Axial spondyloarthritis patients who do not respond initially to treatment with TNF-alpha inhibitors (TNFi) share some commonalities, researchers discovered in a study aimed at evaluating factors associated with TNFi failure.
In particular, researchers found these patients tend to be older, lack a protein marker associated with the disease, have higher rates of disease activity before beginning treatment, and often are treated with a specific kind of TNFi — a soluble TNFR.
The article, titled “Profiling Response to TNF-Inhibitor Treatment in Axial Spondyloarthritis,” was published in the journal Arthritis Care & Research.
Up to 50 percent of patients with axial spondyloarthritis who take TNF inhibitors switch to an alternative biologic. Researchers set out to find out how many cases are due to a lack of response to this type of medication. They evaluated how many patients did not initially respond to TNFi, called primary lack of response (PLR), experienced a loss of effectiveness after an initial good response, called secondary lack of response (SLR), or responded well to the treatment, termed responders.
The study included 249 axial spondyloarthritis patients who were taking TNF inhibitors for the first time. Records in the database at the adult Spondylitis Clinic at the Toronto Western Hospital from patients seen between July 2003 and December 2016 were analyzed.

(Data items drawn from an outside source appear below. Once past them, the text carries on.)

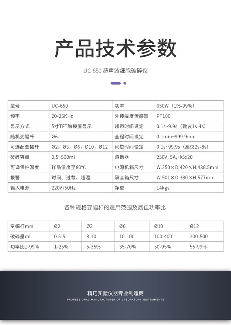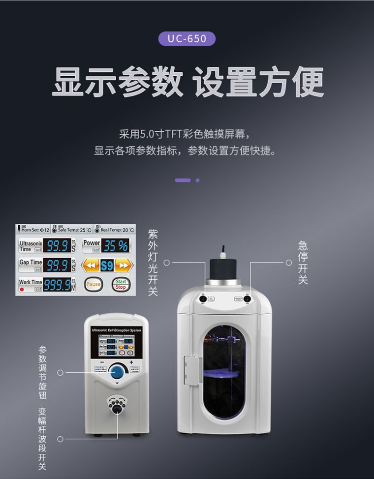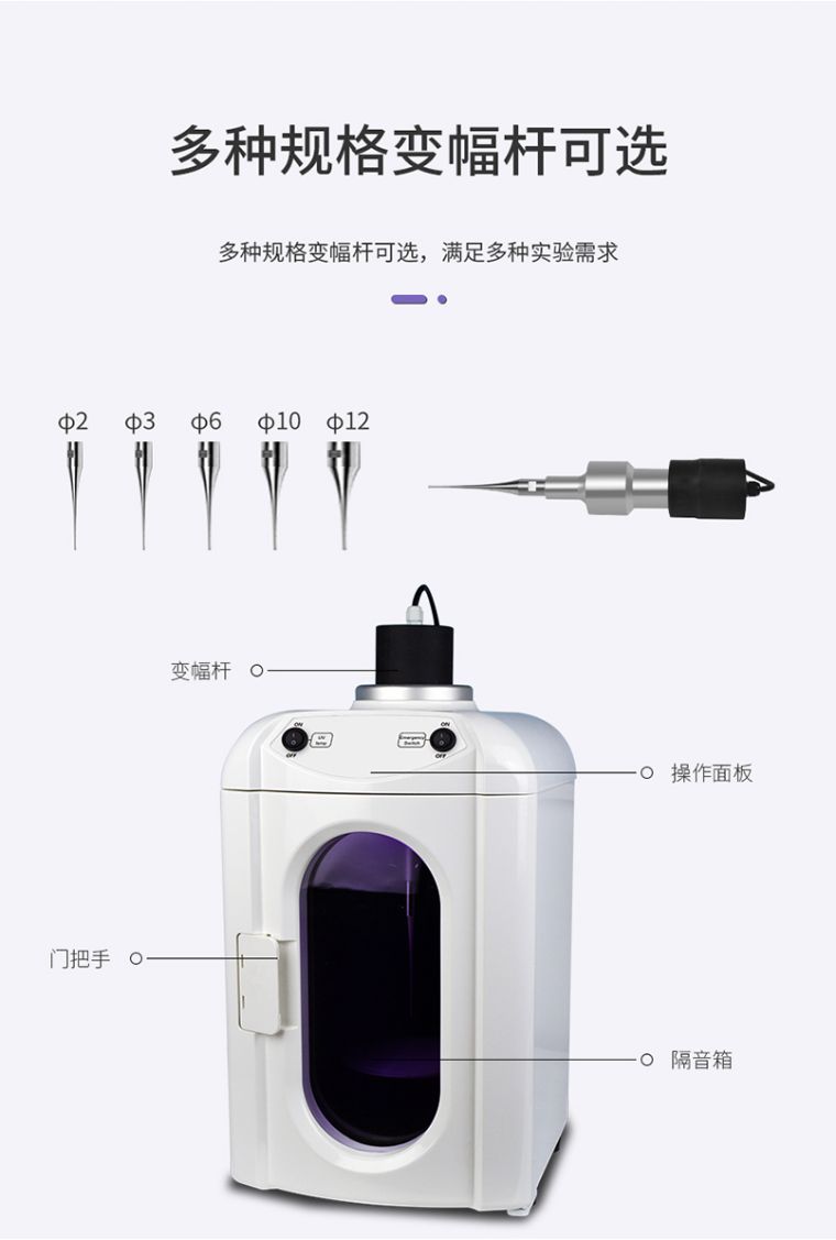 超声波细胞破碎仪,是一种利用超声波在液体中产生空化效应的多功能、多用途仪器。它能用于多种动植物、病毒、细胞、细菌及组织的破碎,同时可用来乳化、分立、匀化、提取、消泡、清洗、纳米材料的植被、分散及加速化学反应等。仪器被广泛应用于生物学、微生物学、物理学、动物学、农学、制药等领域的教学、科研、生产。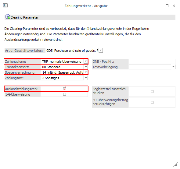 ü Spesenverrechnung - Bei der Spesenverrechnung muss die Option "14 inländ. Spesen zul. Auftragg. Ausländ. Spes. Zul. Empf." gewählt werden, damit werden die Spesen je nach Aufwand an Absender und Empfänger aufgeteilt.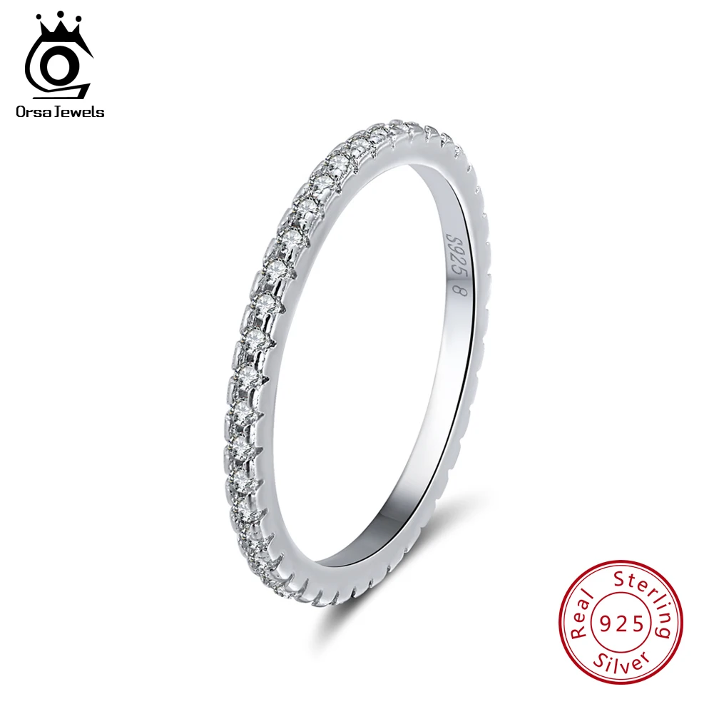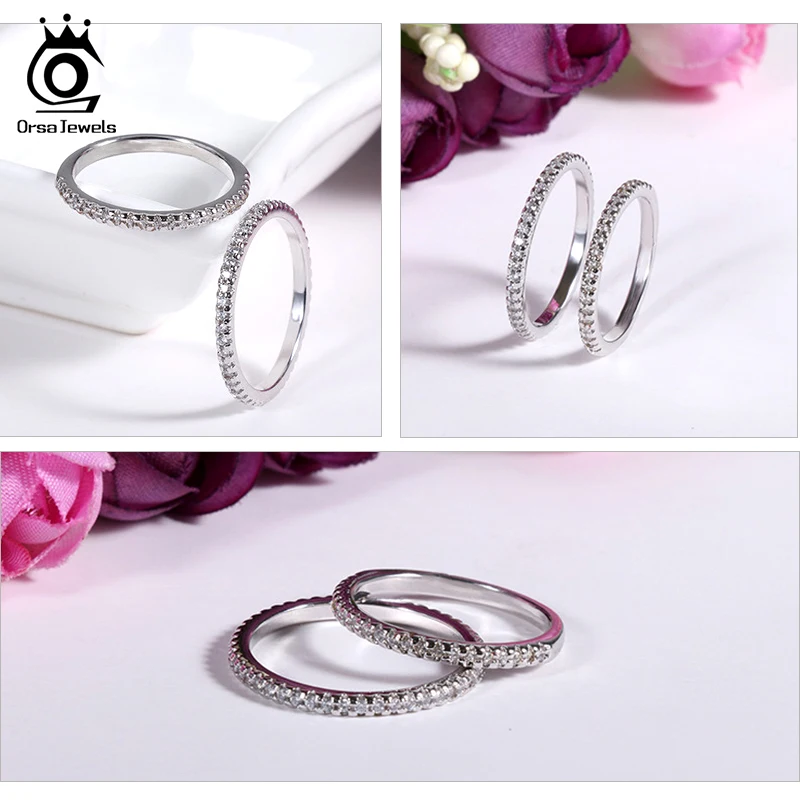 ORSA JEWELS Настоящее серебро 925 пробы кольца для женщин Свадебные украшения с блестящим AAA кубическим цирконием маленькое корейское кольцо подарок OSR63

Patients’ ages, levels of disease activity measured using the Bath Ankylosing Spondylitis Disease Activity Index (BASDAI) before beginning treatment, and the type of TNF-alpha inhibitor used, were all included in the analysis. HLA-B27 status — a variant of a protein found on some immune system cells — also was taken into account. Its presence is associated with ankylosing spondylitis and other autoimmune disorders. However, not all ankylosing spondylitis patients are HLA-B27 positive.
Males accounted for 70.7 percent of the study subjects, who were an average of 37.3 years old, plus or minus 12.4 years. Lack of initial response (PLR) was seen in 62 patients, loss of effectiveness (SLR) in 93, and 94 patients responded to treatment.
The breakdown of patients receiving the TNF inhibitors Remicade (infliximab), Enbrel (etanercept), Humira (adalimumabe) and Simponi (golimumab) was 33.3%, 25.3%, 28.1% and 13.3%, respectively. Of the 249 patients, 63 were treated with medication consisting of soluble TNF-alpha receptors and 186 with monoclonal antibodies against TNF-alpha.
Nearly 40 percent of all TNFi failures were due to a lack of initial response. These patients tended to be older, be HLA-B27 negative, have higher disease activity levels at the beginning of treatment, and were treated with soluble TNFR.
Using statistical analysis to interpret the results, these four factors were the independent predictors of a primary lack of response.
“In conclusion, lack of efficacy is an important aspect of TNFi treatment with considerable clinical and cost implications. Nearly 40% of the lack of efficacy patients can be classified as PLR and AxSpA patients with this type of failure may have distinct features such as increased age, negative HLA-B27 and higher baseline BASDAI,” the researchers wrote.